### [Try it]
Your job is to set down the stretch of entries that opens with the line containing "LockNLube LNL129 Simple" and closes with the line containing "夹棉床裙180*220单件 | ¥130.00 |". Keep both end lines, copy each exactly, and add nothing.

### [Dataset extract]
□ □ □ □
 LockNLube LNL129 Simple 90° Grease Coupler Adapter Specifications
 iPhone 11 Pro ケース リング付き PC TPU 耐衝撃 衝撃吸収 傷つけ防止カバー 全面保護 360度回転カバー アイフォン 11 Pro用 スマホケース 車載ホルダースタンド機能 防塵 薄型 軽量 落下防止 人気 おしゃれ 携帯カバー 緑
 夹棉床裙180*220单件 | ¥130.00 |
□ □ □ □
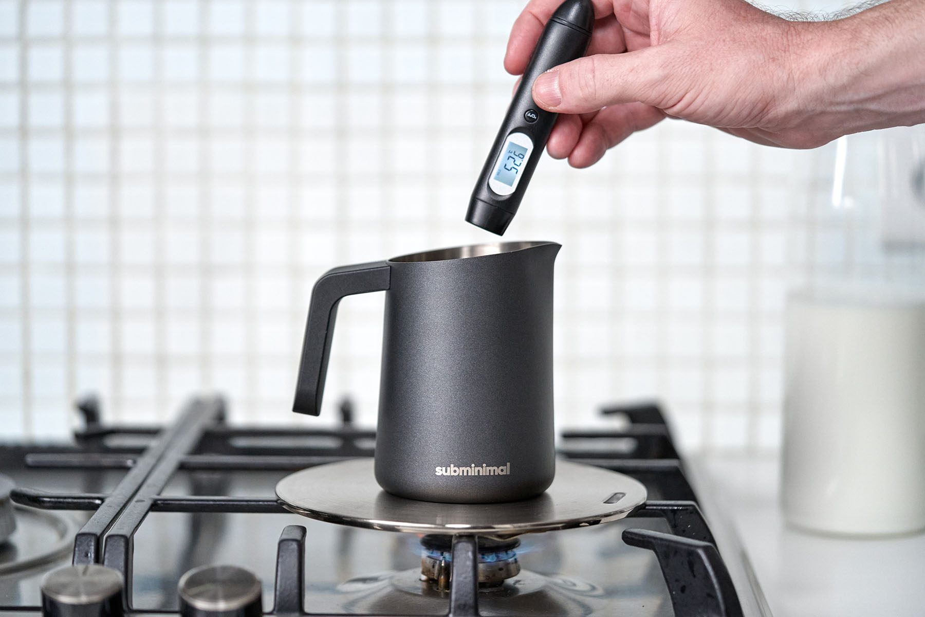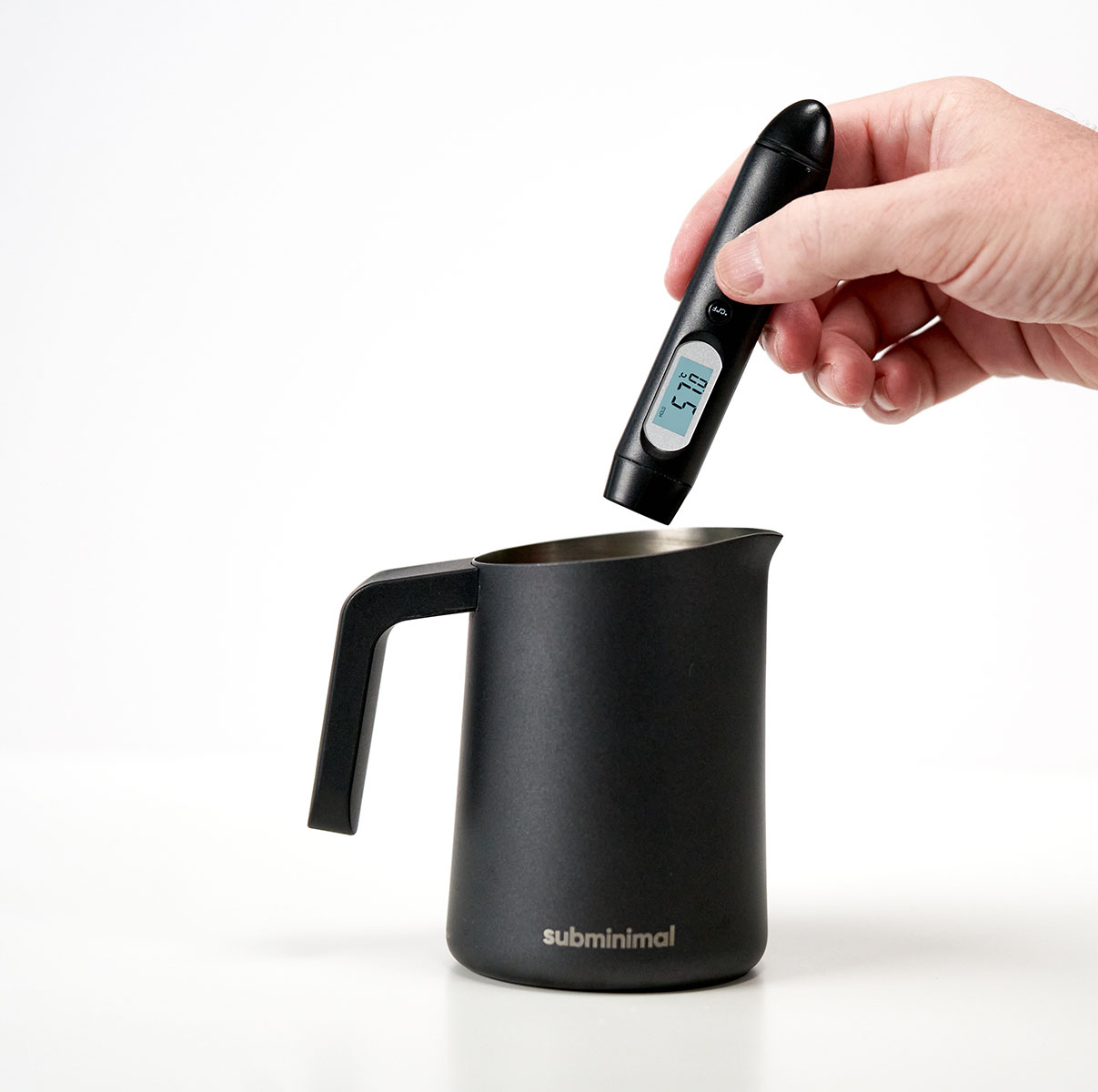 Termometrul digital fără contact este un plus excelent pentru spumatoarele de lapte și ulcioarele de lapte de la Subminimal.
□ □ □ □
### [Answer section]
 LockNLube LNL129 Simple 90° Grease Coupler Adapter Specifications
 iPhone 11 Pro ケース リング付き PC TPU 耐衝撃 衝撃吸収 傷つけ防止カバー 全面保護 360度回転カバー アイフォン 11 Pro用 スマホケース 車載ホルダースタンド機能 防塵 薄型 軽量 落下防止 人気 おしゃれ 携帯カバー 緑
 夹棉床裙180*220单件 | ¥130.00 |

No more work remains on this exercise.